00:08:20.340 | on the road that have the full sensor suite.

00:08:22.500 | So this is, I'm not sure how many other cars on the road

00:08:27.340 | have the sensor suite,

00:08:29.400 | but I'd be surprised if it's more than 5,000,

00:08:32.300 | which means that we have 99% of all the data.

00:08:35.140 | - So there's this huge inflow of data.

00:08:38.380 | - Absolutely, massive inflow of data.

00:08:40.660 | And then it's taken us about three years,

00:08:44.400 | but now we've finally developed

00:08:45.700 | our full self-driving computer,

00:08:47.660 | which can process an order of magnitude

00:08:52.660 | as much as the NVIDIA system

00:08:55.020 | that we currently have in the cars.

00:08:56.340 | And it's really just to use it,

00:08:58.380 | you unplug the NVIDIA computer

00:09:00.260 | and plug the Tesla computer in, and that's it.

00:09:02.640 | And it's, in fact, we're not even,

00:09:06.740 | we're still exploring the boundaries of its capabilities,

00:09:10.180 | but we're able to run the cameras at full frame rate,

00:09:11.940 | full resolution, not even crop the images,

00:09:15.420 | and it's still got headroom, even on one of the systems.

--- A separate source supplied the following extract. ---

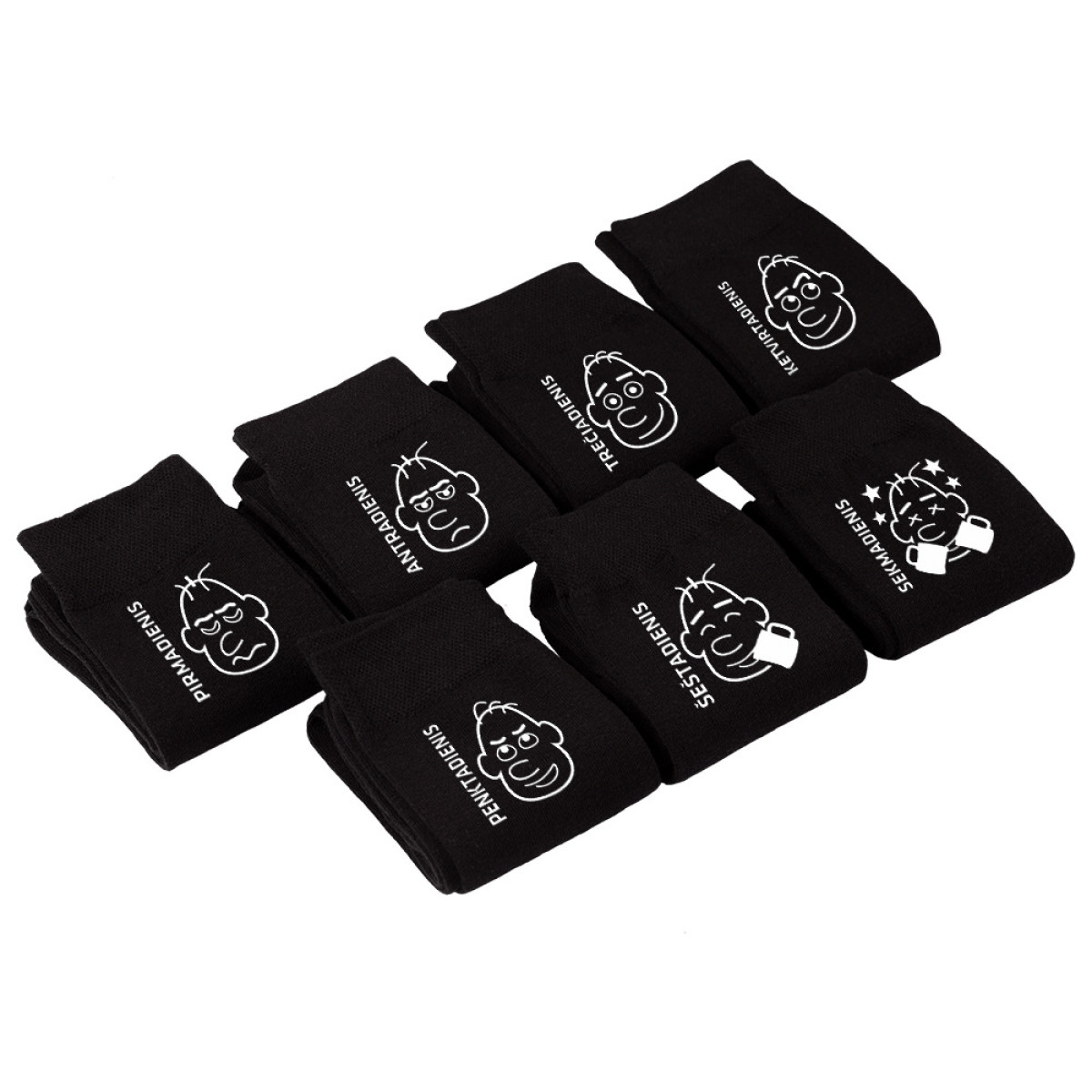 - 7 poros kojinių su spauda ant kiekvienos kojinės (7 skirtingi maketai x 2 vnt.).

00:09:19.980 | The full self-driving computer is really two computers,

00:09:23.460 | two systems on a chip that are fully redundant.

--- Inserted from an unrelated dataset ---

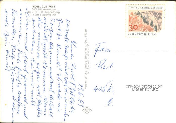 72204223 Hueckeswagen Hotel zur Post postalisch nicht gelaufen Erhaltung siehe scans KatCode: 11110005374016

00:09:26.100 | So you could put a bolt through basically

00:09:27.780 | any part of that system and it still works.

00:09:30.220 | - The redundancy, are they perfect copies of each other?

00:09:33.180 | - Yeah.

00:09:34.420 | - Also, it's purely for redundancy

00:09:35.980 | as opposed to an arguing machine kind of architecture

00:09:38.420 | where they're both making decisions.

00:09:40.060 | This is purely for redundancy.

00:09:41.860 | - I think it would more like,

00:09:43.140 | if you have a twin-engine aircraft, commercial aircraft,

00:09:46.560 | the system will operate best if both systems are operating,

00:09:51.780 | but it's capable of operating safely on one.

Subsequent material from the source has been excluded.